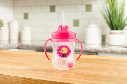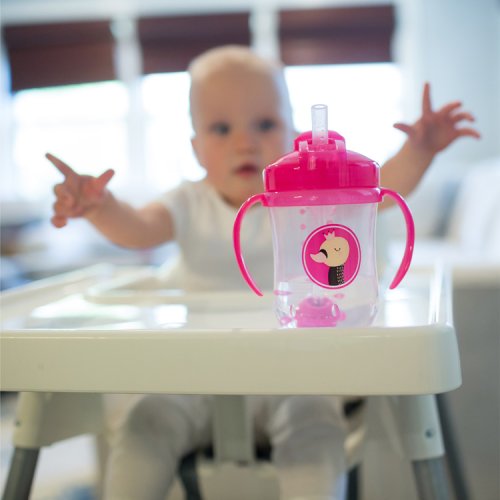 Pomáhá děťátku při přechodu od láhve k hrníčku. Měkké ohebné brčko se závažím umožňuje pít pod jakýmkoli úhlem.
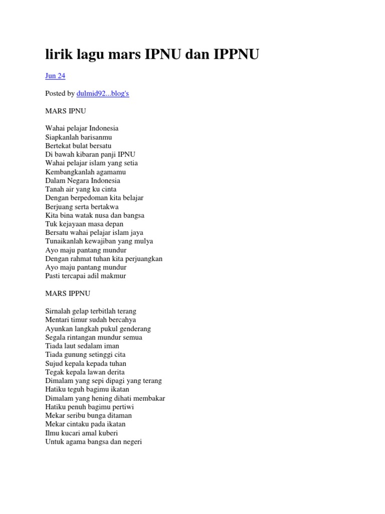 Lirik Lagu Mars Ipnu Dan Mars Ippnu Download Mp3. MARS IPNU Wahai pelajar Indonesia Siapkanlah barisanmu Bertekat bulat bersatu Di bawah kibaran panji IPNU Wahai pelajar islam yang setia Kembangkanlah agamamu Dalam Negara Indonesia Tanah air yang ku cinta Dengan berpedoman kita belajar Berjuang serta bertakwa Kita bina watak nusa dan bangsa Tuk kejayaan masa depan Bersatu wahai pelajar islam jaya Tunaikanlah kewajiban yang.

--

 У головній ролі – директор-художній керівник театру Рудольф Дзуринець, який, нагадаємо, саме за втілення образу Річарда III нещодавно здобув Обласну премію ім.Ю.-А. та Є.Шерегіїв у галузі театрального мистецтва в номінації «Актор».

**INSTRUCTIONS FOR THE TASK:**
Copy word for word only the lines above from the one with "Pomáhá děťátku při" through the one with "Lirik Lagu Mars". Leave pictures out.

**EXERCISE RESPONSE:**
 Pomáhá děťátku při přechodu od láhve k hrníčku. Měkké ohebné brčko se závažím umožňuje pít pod jakýmkoli úhlem.
 Lirik Lagu Mars Ipnu Dan Mars Ippnu Download Mp3. MARS IPNU Wahai pelajar Indonesia Siapkanlah barisanmu Bertekat bulat bersatu Di bawah kibaran panji IPNU Wahai pelajar islam yang setia Kembangkanlah agamamu Dalam Negara Indonesia Tanah air yang ku cinta Dengan berpedoman kita belajar Berjuang serta bertakwa Kita bina watak nusa dan bangsa Tuk kejayaan masa depan Bersatu wahai pelajar islam jaya Tunaikanlah kewajiban yang.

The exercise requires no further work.